Henry Ford wrote a book in which he claimed that the key to success for businesses was to focus solely on the product and nothing more. Something that is easily said from someone whom replaced the horse and buggy with internal combustion vehicles offering extraordinary convenience to the West. This translates well into an analogy for Icare- a Finnish company that prior to their tonometric invention had largely been an unknown. Realizing that no practical tonometry method existed, Rebound Tonometry came without the need for drops or air-puff or fear for that matter. IOPs could now be obtained (accurately) with five light-touches of the cornea; practically unnoticeable and completely painless. For the most part, we agree with those claims and find them mostly to be true– the ICare is a amazing feat of technology that bypasses the air-puff and need for numbing drops altogether. But of course, there is a price that must be paid. We find that the Icare requires some user skill/experience to use, and for uncooperative patients, it may take a few tries to get reliable readings (in between the blinks and lashes). The device can also be intimidating despite not blasting air to the cornea, it does still make contact with the cornea with the use of a tiny probe, and depending on the tear film, can feel sticky or slightly aggressive. Above all though, the Icare is not as efficient as a Non-contact tonometer would be. Since it’s a handheld device, IOPs can be taken anywhere however that doesn’t mean it will mesh well with your current pre-test environment (given desktop instruments). In the absence of an experienced operator, expects IOPs to take longer.
OUR TAKE: A triumph for tonometry that avoids the numbing and air-puff, yet lacks efficiency in office settings. As accurate as your Goldmann with higher patient compliance.

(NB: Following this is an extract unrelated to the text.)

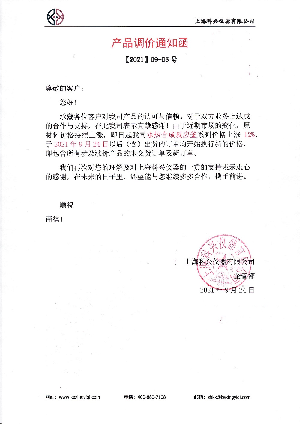 承蒙各位客戶對(duì)我司產(chǎn)品的認(rèn)可與信賴。對(duì)于雙方業(yè)務(wù)上達(dá)成的合作與支持,在此我司表示真摯感謝!由于近期市場(chǎng)的變化,原材料價(jià)格持續(xù)上漲,即日起我司水熱合成反應(yīng)釜系列價(jià)格上漲 12%,于 2021 年 9 月 24 日以后(含)出貨的訂單均開(kāi)始執(zhí)行新的價(jià)格,既包含所有涉及漲價(jià)產(chǎn)品的未交貨訂單及新訂單。

#1. What is Rebound Tonometry?
Unlike Non-Contact Tonometry, or Goldmann Applanation Tonometry, the iCare utilizes a very lightweight and ergonomic probe that momentarily makes contact with the cornea. The instrument’s software records and analyzes the effect caused by each rebound, and produces a reading (in mmHg) indicating a measure of pressure. The eye’s intra-ocular pressure (IOP) has an effect on the rebounding of the probe, and therefore can be measured by the analyzation of the probe’s contact with the eye. Rebound tonometry is unique in that no puff of air is utilized, and despite contact with the cornea, no anesthetic drops are required. Patient’s describe rebound tonometry as a soft feather gently bumping the eye; some patients do not observe a corneal reflex reaction. As mandated by the FDA, rebound probes are single use, and are typically made from the same material as your Goldmann applanation tips.
#2. Accurate In Comparison
The Icare has undergone multiple clinical studies indicating the instrument is within 1.2mmHg (average) of a properly performed Goldmann Applanation Tonometry exercise. In our own unofficial testing of the Icare, we found central IOPs (straight 2mm from the nasal and temporal limbus) to slightly overestimate IOPs by a mean of 2mmHg. The Icare as a screening IOP device is an accurate option, however is not as accurate as Goldmann Applanation Tonometry (GAT).
There are other portable tonometers; the TonoPen XL, and the Diaton, however none are as portable and as easy to use as the Icare. Requiring no drops, the Icare can be used on virtually any patient, in virtually any position. Even elderly patients whom are bound to horizontal positions can be tested without strain. The Icare’s battery supply should last several months (with normal daily use) and requires no recharging or corded power supply.
It does not have a built-in printer, nor does it have the availability to wirelessly print via bluetooth. All results must be recorded by the operator.
It does store the last 10 measurements, however it will not save patient information.
No. The procedure for both eyes is identical. There is no input required prior or post test.
Yes. The device takes 5 consecutive measurements, and averages the 5 IOPs to read the mean measurement on the analog screen.